Getting AI to Scale
By Brian McCarthy
May 1, 2021
Most CEOs recognize that artificial intelligence has the potential to completely change how organizations work. They can envision a future in which, for example, retailers deliver individualized products before customers even request them—perhaps on the very same day those products are made. That scenario may sound like science fiction, but the AI that makes it possible already exists.
What’s getting in the way of that future is that companies haven’t figured out how to change themselves to meet it. To be fair, most have been working hard to incorporate digital technologies, in some instances genuinely transforming the way they serve their customers and manufacture their offerings.

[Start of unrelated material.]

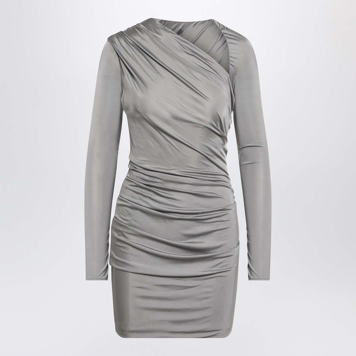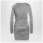 Mini dress by The Attico in grey viscose, characterized by draped design, long sleeve, and asymmetric neckline.

To capture the full promise of AI, however, companies must reimagine their business models and the way work gets done. They can’t just plug AI into an existing process to automate it or add insights. And while AI can be employed locally across functions in a laundry list of specific applications (known as use cases), that approach won’t drive consequential change in a company’s operations or bottom line. It also makes it much harder and more costly to get AI to scale, because each far-flung team must reinvent the wheel with respect to stakeholder buy-in, training, change management, data, technology, and more.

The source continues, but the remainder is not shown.